Метатель снаряда, мелкопоместный польский шляхтич, от роду двадцати шести лет, Игнатий Иоахимович Гриневицкий, смертельно раненный тем же взрывом, скончался несколькими часами позже, не открыв властям предержащим своего имени.
26 марта, в четверг, перед Особым присутствием Правительствующего Сената, высшим политическим судом России, председательствовал сорокасемилетний сенатор Эдуард Яковлевич Фукс — предстали шестеро злодеев, старшему было двадцать девять, а младшему девятнадцать лет от роду. Лишь одна имела вероисповедание иудейское, все прочие — православные. И, кроме дворянки и сына священника, остальные относились; к сословию крестьянскому и мещанскому.
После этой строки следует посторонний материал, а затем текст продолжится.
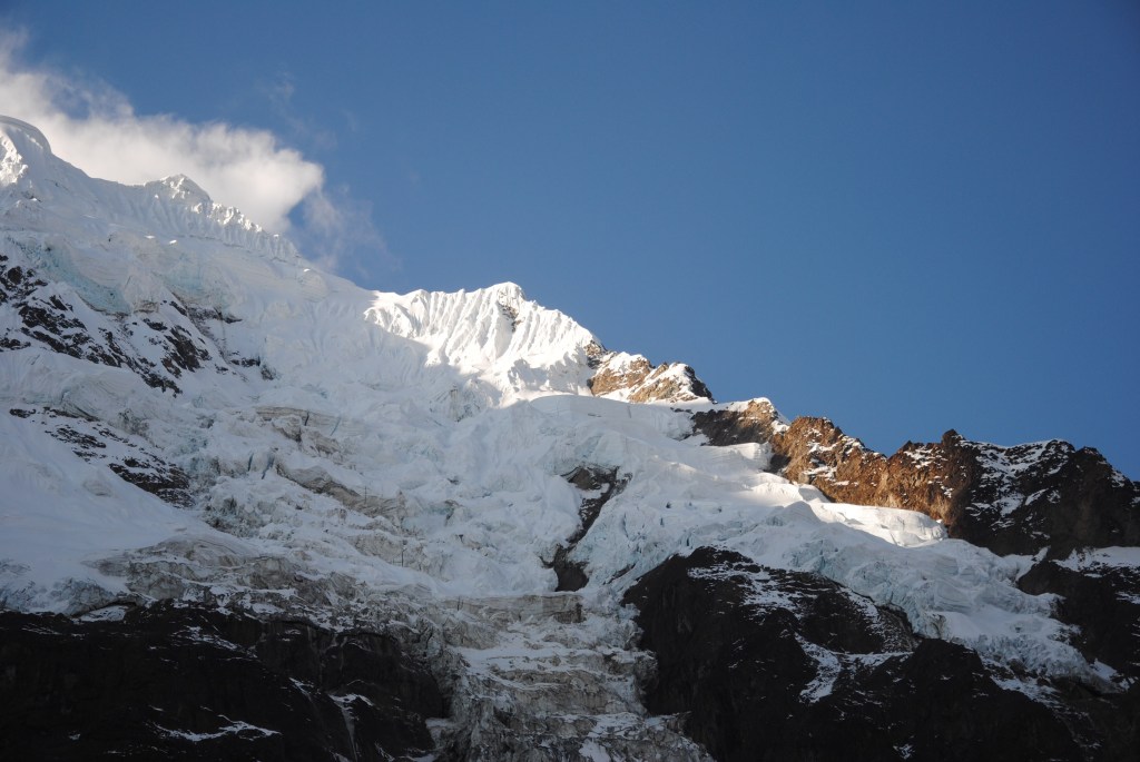 Jeudi matin, Cusco. Il est 4h. Il fait sombre et froid dans les rues venteuses de Santa Ana. Nous prenons place dans le mini van pour Mollepata, derrière le conducteur et l’unique passager, un péruvien mal dégrossi qui parle comme un charretier. Lorsque le collectivo part enfin, à 5h20, nous sommes frigorifiés et avons la tête pleine des incessantes et gutturales injections de notre bruyant voisin. Mais l’essentiel est ailleurs. Après une petite heure de route, nous apercevons une gigantesque montagne en forme de canine, dont les pentes enneigées émergent d’un horizon pourtant déjà vallonné. Le Salkantay promène sa mise glacée au gré des virages, jusqu’à disparaître tout à fait alors que nous entamons l’ultime montée vers Mollepata.
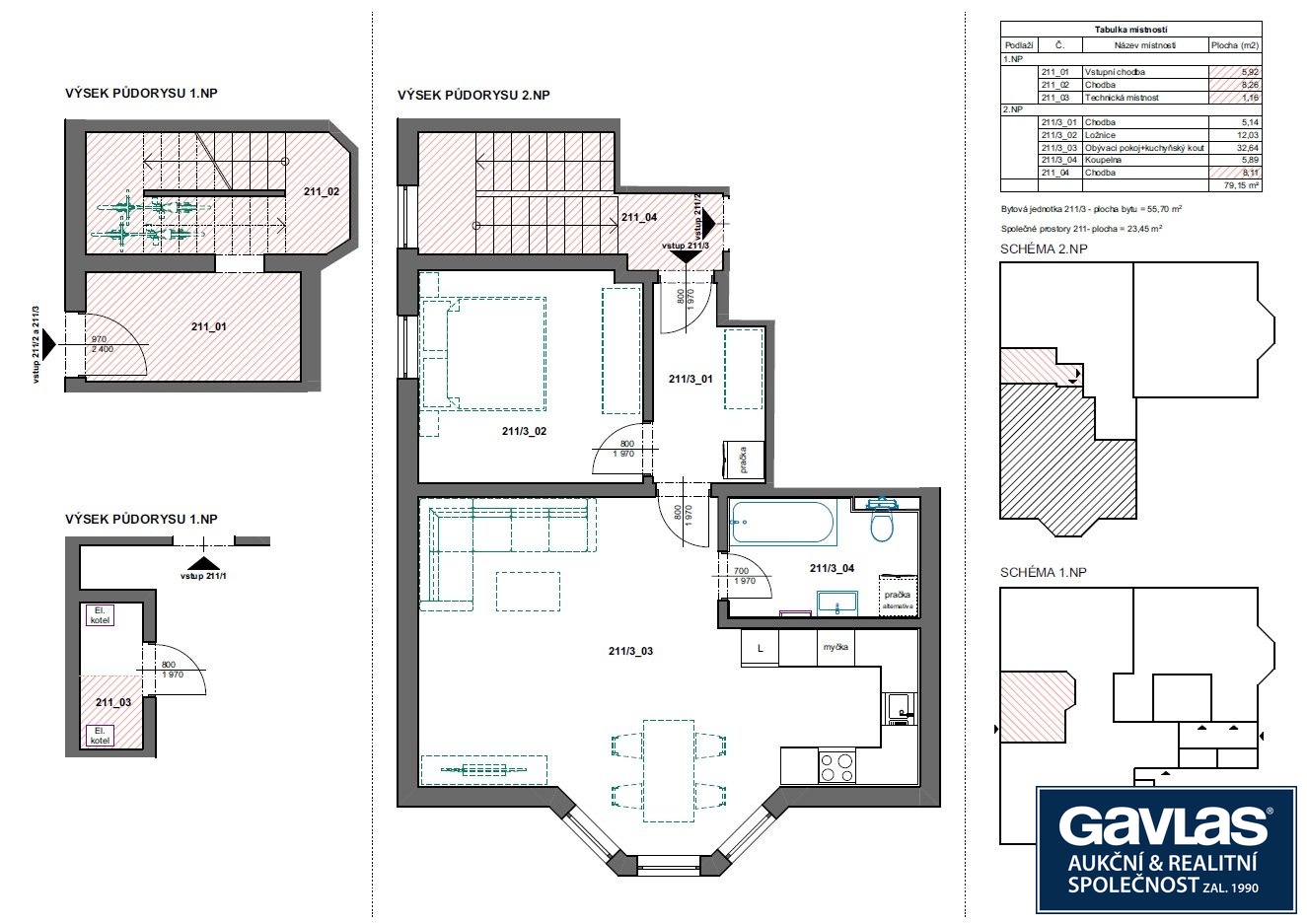 | Dispozice/podlahová plocha: | 2+kk/56 m² |
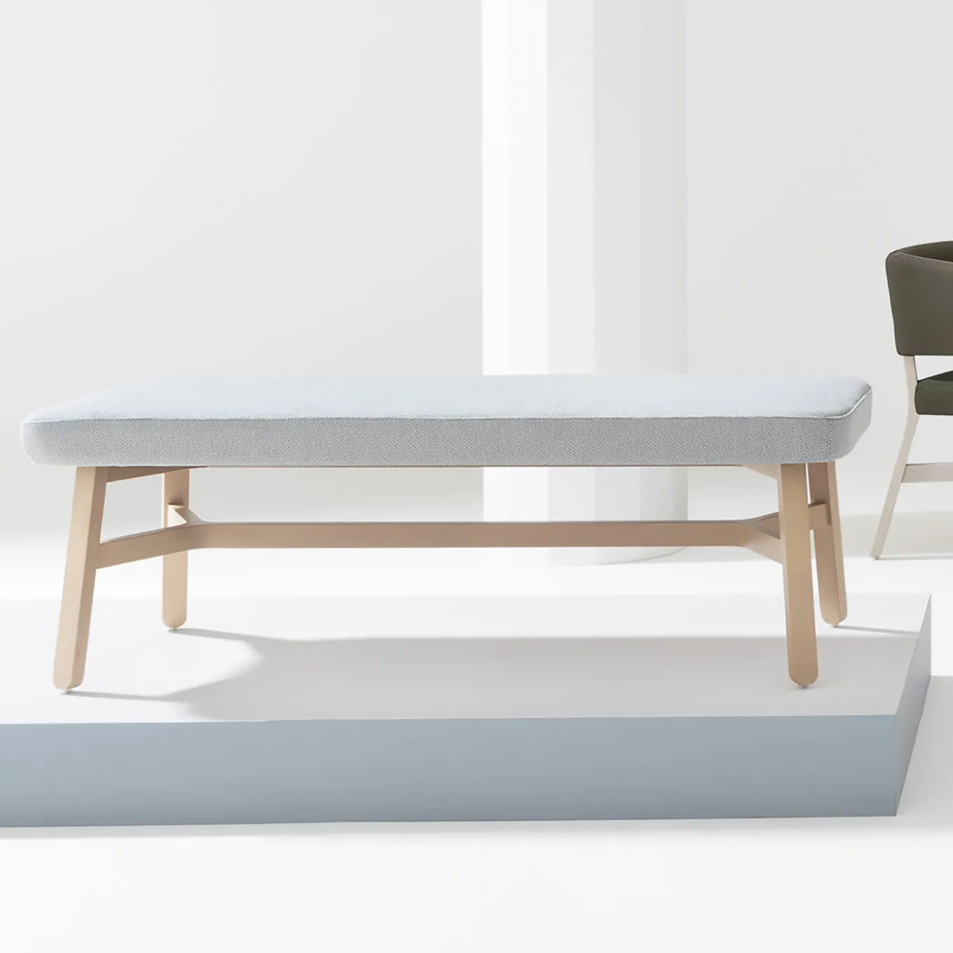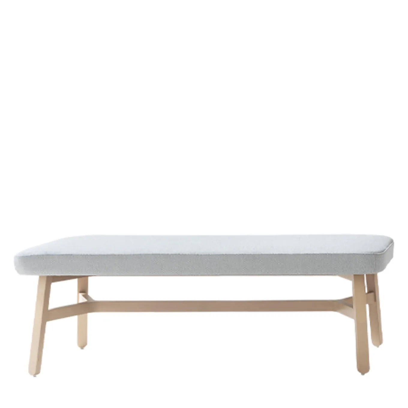 Questo esclusivo pouf, che emana una sensibilità moderna, colpisce per la sua estetica pulita che bilancia linee semplici e tonalità delicate. Realizzato in faggio che mantiene il suo aspetto naturale, la struttura comprende quattro gambe inclinate collegate da un elemento orizzontale che si divide in due alle estremità. Il sedile rettangolare appoggiato sopra è generosamente imbottito e rivestito in tessuto grigio chiaro. Su richiesta sono disponibili le certificazioni contract e commerciali.
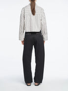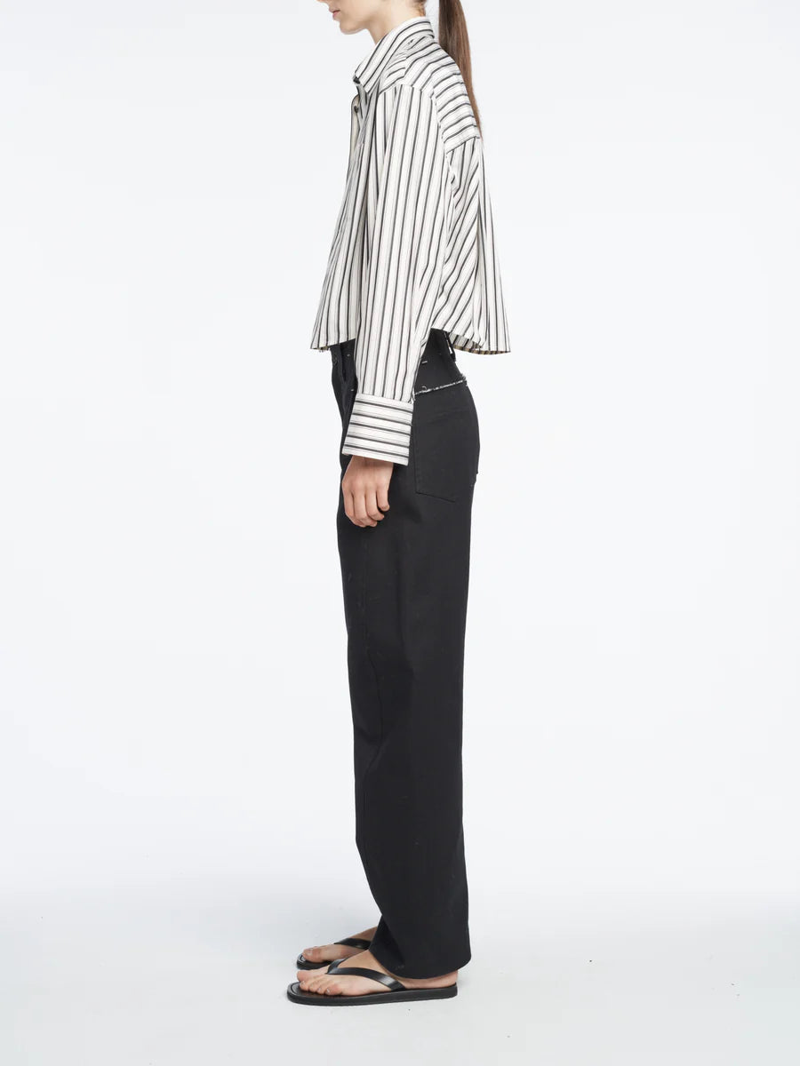 Our signature Cropped Shirt in in an ivory and black stripe made of 100% Organic Cotton Sateen and completed with out signature corozo buttons. The cropped silhouette has our signature yoke and hang loop on the back, revealing a slight cocoon affect for subtle volume.
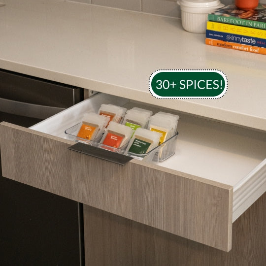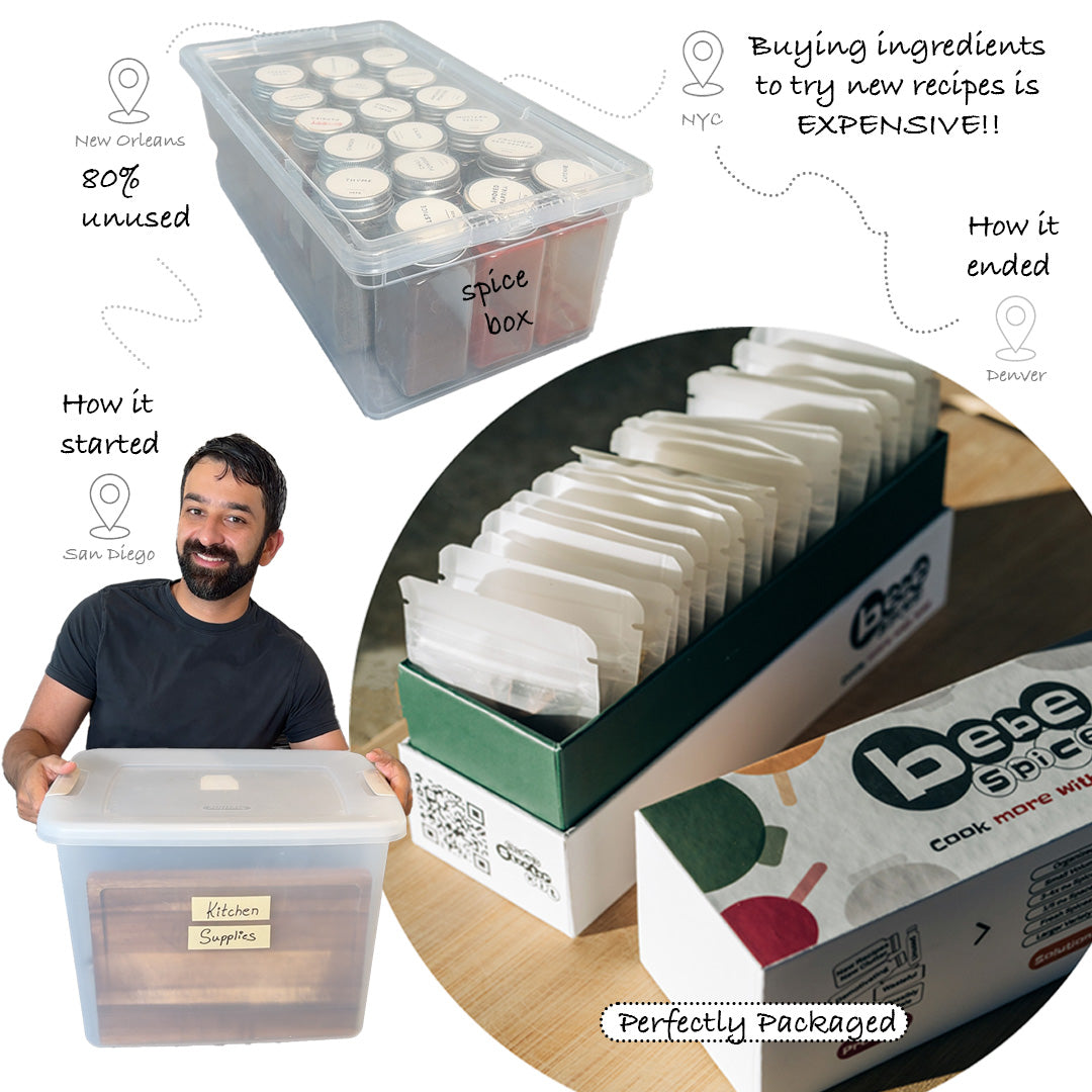 We consistently used only 20% of the spices we carried. Trying new recipes made it worse—it meant buying more single-use ingredients that added clutter and went to waste. So we created small-volume packaged ingredients designed for flavor, variety, and kitchens with less mess.

В ночь с воскресенья на понедельник, с 29 на 30 марта, всем шестерым объявили приговор — смертная казнь через повешение. Одной из осужденных — еврейке Гесе Гельфман, прямого участия в цареубийстве не принимавшей (она была всего лишь хозяйкою конспиративной квартиры), — исполнение казни отсрочили до разрешения от бремени: она оказалась, по медицинскому обследованию, тяжелой по четвертому месяцу; она умерла в тюремной больнице вскоре после родов; ребенок ее, то ли девочка, то ли мальчик, по-разному толкуют историки, сгинул безвестно.
Из газет:
«3 апреля, в 9 часов подвергнуты смертной казни через повешение государственные преступники: дворянка Софья Перовская, сын священника Николай Кибальчич, мещанин Николай Рысаков, крестьяне Андрей Желябов и Тимофей Михайлов».
2
Соня Перовская сызмала нужды не знала — из потомков знаменитых графов Разумовских, племянница «полного» генерала, дочь псковского, а затем и Санкт-петербургского губернатора… Она ушла в народи хлебнула лиха… Радостью ее жизни был Андрюша Желябов, веселый, умница, общий любимец. Андрюша, его восторженное перед нею преклонение, общая их вера в Идею, в Правду, — возвышали Соню, даровали силу и мужество…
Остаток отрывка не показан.